Resulting images are saved in a folder called [name] as [name].svg and [name].png (name being specified with output_file argument or, by default, genovi. In case of a complete genome, individual contig image files are stored in a [name] subdirectory as [name]-contig_[i].png with i in [1, the number of circles]. In the case of draft genomes, GenoVi displays the replicons as delivered by the initial GenBank file.

Besides images, if -k or --keep_temporary_files was called, files described in user guide arguments will also be stored.

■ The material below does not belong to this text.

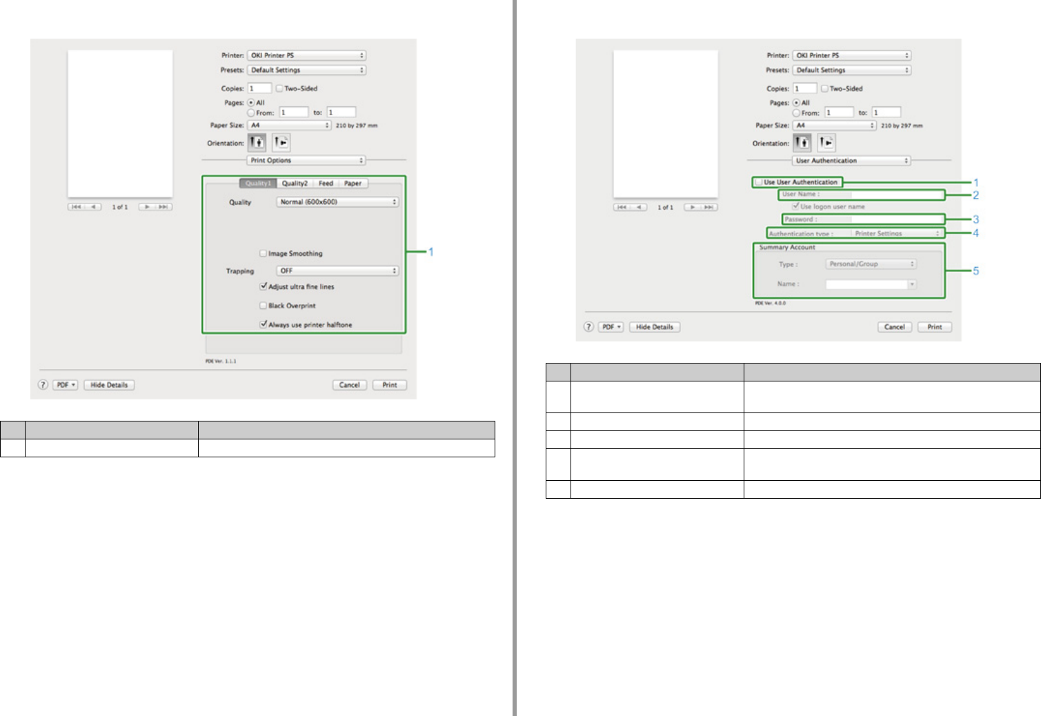 • Feld [Druckoptionen] • [Benutzerauthentifizierung] Bereich

Four additional files are stored in [name] folder: a histogram displaying COG categories named [name]_COG_histogram.png; a file with the COG classification of each replicon named [name]_COG_Classification.csv; a csv file named [name]_Gral_Stats.csv displaying general information of each replicon, including size, GC content, number of CDS, tRNA and rRNA; and a heatmap displaying the distribution of COGs within each replicon [name]_COG_Classification.csv_percentage

Additional information

For further information, please read the user guide.

Citation

If you use GenoVi in your research, please cite our latest paper

Cumsille A, Durán RE, Rodríguez-Delherbe A, Saona-Urmeneta V, Cámara B, Seeger M, et al. GenoVi, an open-source automated circular genome visualizer for bacteria and archaea. PLoS Comput Biol. 2023;19:e1010998.

GenoVi is under a BY-NC-SA Creative Commons License, Please cite.

You may remix, tweak, and build upon this work even for commercial purposes, as long as you credit this work and license your new creations under the identical terms.